Bild: Jens Schulze/Landeskirche Hannovers

Für eine innovative Kirche

Wir setzen uns dafür ein, neue Wege zu eröffnen und kreative Ideen gezielt zu fördern. Bewährte Instrumente sollen weiterentwickelt und gestärkt werden. Gelungene Initiativen vor Ort wollen wir sichtbar machen und als gute Beispiele landeskirchenweit kommunizieren.

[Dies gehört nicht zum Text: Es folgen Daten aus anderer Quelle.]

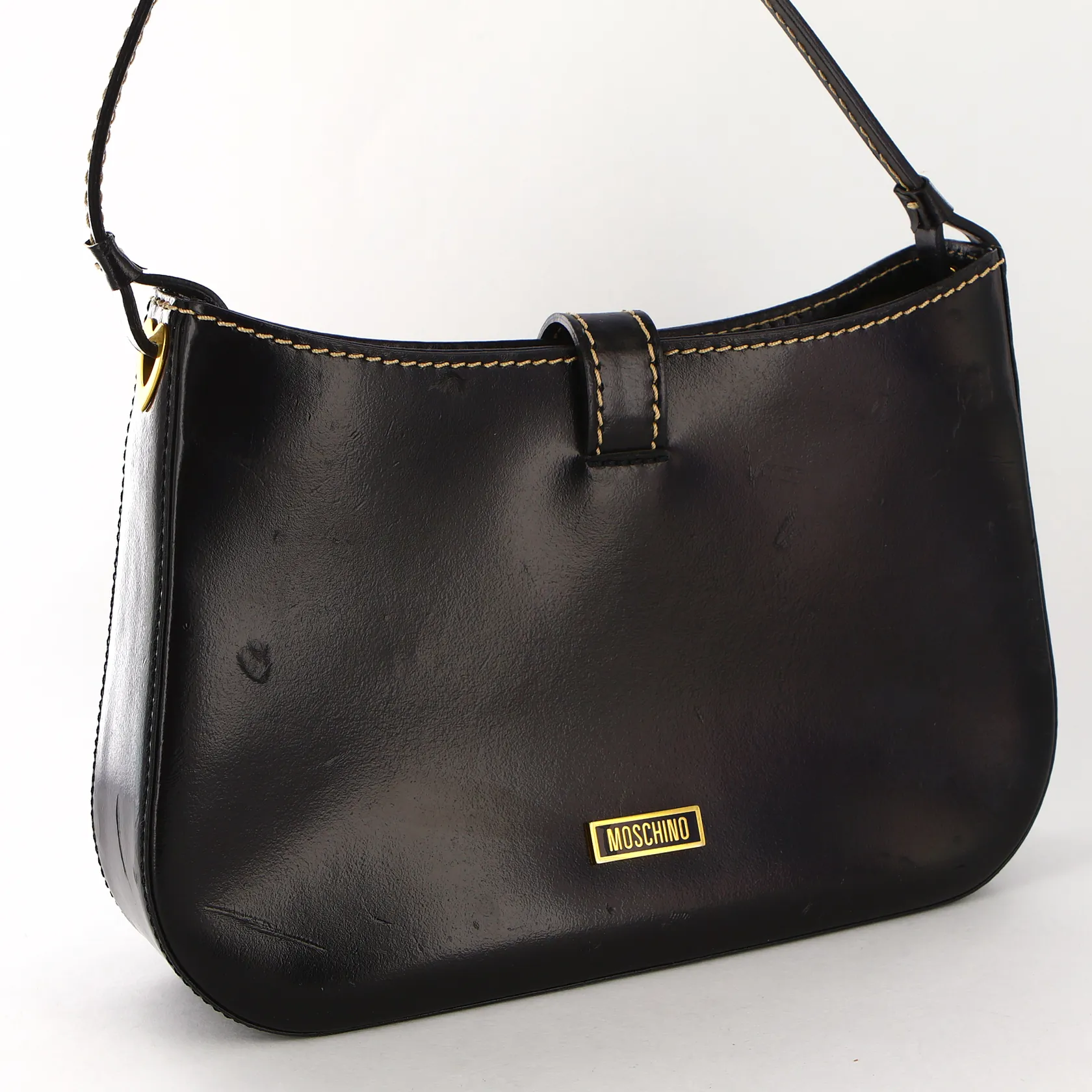 Handväska Moschino, läder med guldfärgade beslag, mått ca 25x39,7cm, rött foder, kraftigt slitage/märken utvändigt

Kooperationen und Zusammenschlüsse von Gemeinden und Kirchenkreisen sind ebenso zu unterstützen wie tragfähige Strukturierungsprozesse landeskirchlicher Einrichtungen. So schaffen wir Raum für Innovation, Entlastung und nachhaltige Weiterentwicklung kirchlicher Arbeit.

Bild: Jens Schulze/Landeskirche Hannovers

Für eine basisorientierte Kirche

Das traditionelle Anliegen der GOK, Entscheidungskompetenzen stärker an die Basis zu verlagern, wollen wir konsequent weiterverfolgen und ausbauen. Dabei geht es um echte Gestaltungsräume für Ortsgemeinden und Kirchenkreise.

Zugleich darf sich kirchliches Handeln nicht allein am eigenen Kontext orientieren. Alle Planungsbereiche müssen in Solidarität mit der Landeskirche, den anderen Kirchenkreisen und deren jeweiligen Herausforderungen stehen. Deshalb setzen wir uns dafür ein, bei künftigen landeskirchlichen Planungsprozessen die Eigenverantwortung vor Ort zu stärken und zugleich die notwendige Grundsolidarität verlässlich im Blick zu behalten.

Bild: Jens Schulze/Landeskirche Hannovers

Für eine demokratische Kirche

Als GOK halten wir eine weitere Stärkung der demokratischen Elemente in den landeskirchlichen Leitungsebenen durch die Synode für notwendig und zugleich realistisch. Die Synode soll ihre Rolle als gestaltendes und verantwortungsübernehmendes Leitungsorgan weiter ausbauen.

Bereits in der Verfassungsdebatte haben wir diesen Anspruch deutlich gemacht und wollen auch künftig gemeinsam mit allen kirchenleitenden Organen konkret und konstruktiv über anstehende Strukturfragen unserer Kirche beraten.